On 09.08.2014 07:04, Zhuowei zhang (Redacted sender zhuoweizhang@xxxxxxxxx for DMARC) wrote:
During this port, I understood *how* the Solaris porters worked around a problem, but not *why* the workaround was needed in the first place. In the Solaris runtime, the pipe() system call is implemented in hand-written assembly, and passes the results in registers instead of storing them in a caller-provided array. I found that this handwritten function wasn't needed on 386, but is required on amd64, otherwise one gets an invalid value error from the kernel.

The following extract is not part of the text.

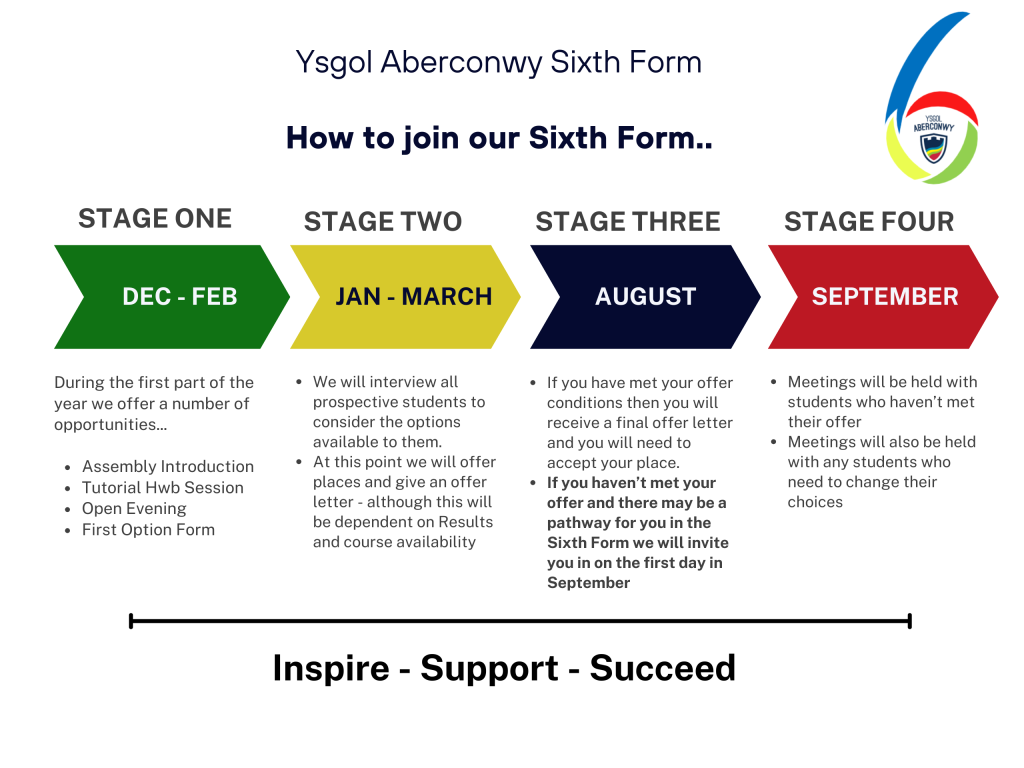 | The new prospectuses will be added to the website | Sixth Form Open Evening for parents and students | Linc Course Information Event at Venue Cymru | Individual destinations interview with all year 11 students | Deadline for choices | Final offer made and student acceptance required | Interviews for candidates who need changes or further support |

I'm confused about why this is needed - what's the difference between writing to an array on 386 and on amd64?
None really. If you look at the kernel-side code [1], you'll see that the only parameter dependent error is B_BAD_ADDRESS (I assume you didn't mean B_BAD_VALUE). So I'd say you simply pass in an invalid pointer.
[...]
On a related note, during this port, I noticed that Haiku x86_64, unlike Solaris and possibly other 64-bit Unix-like OSes, has a 32-bit time_t i.e. the number of seconds in struct timespec is a 32-bit value. Does this mean that 64-bit Haiku is also subject to the Year 2038 problem?
Yes. It might not be trivial for us to switch time_t to 64 bit, but I guess we should do it earlier rather than later.